REQUIRED WORK: Go through the listing below and retype exactly the lines starting at the one with "GOWSif, 1girl, blonde" and ending at the one with "This recipe features", skipping pictures.

GIVEN RECORDS:
+-------+

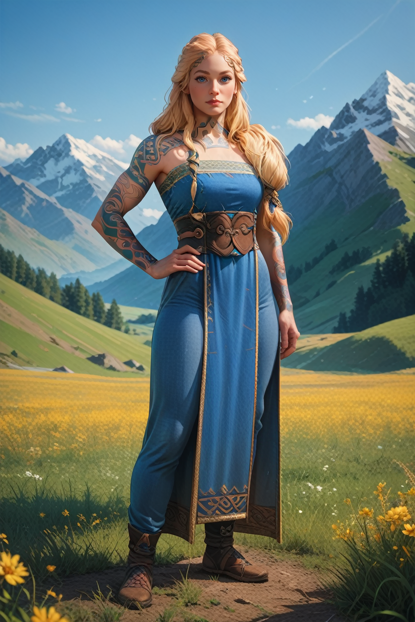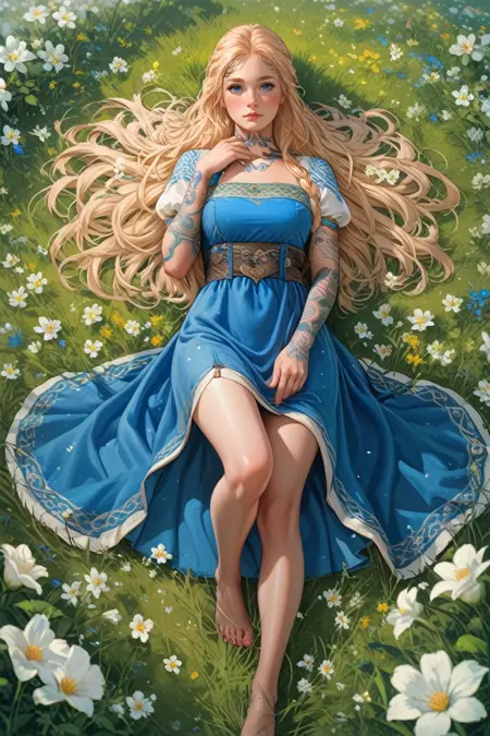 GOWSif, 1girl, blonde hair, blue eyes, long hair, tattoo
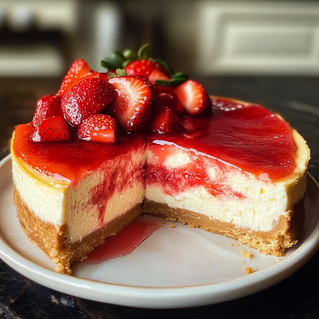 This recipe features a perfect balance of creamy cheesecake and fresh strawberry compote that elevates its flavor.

+-------+

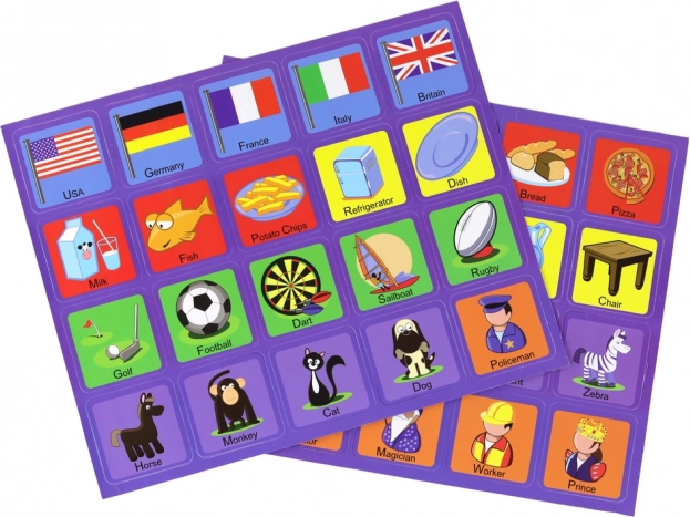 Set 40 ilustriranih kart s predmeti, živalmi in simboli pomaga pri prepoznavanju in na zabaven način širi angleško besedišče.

+-------+

WORKED SOLUTION:
 GOWSif, 1girl, blonde hair, blue eyes, long hair, tattoo
 This recipe features a perfect balance of creamy cheesecake and fresh strawberry compote that elevates its flavor.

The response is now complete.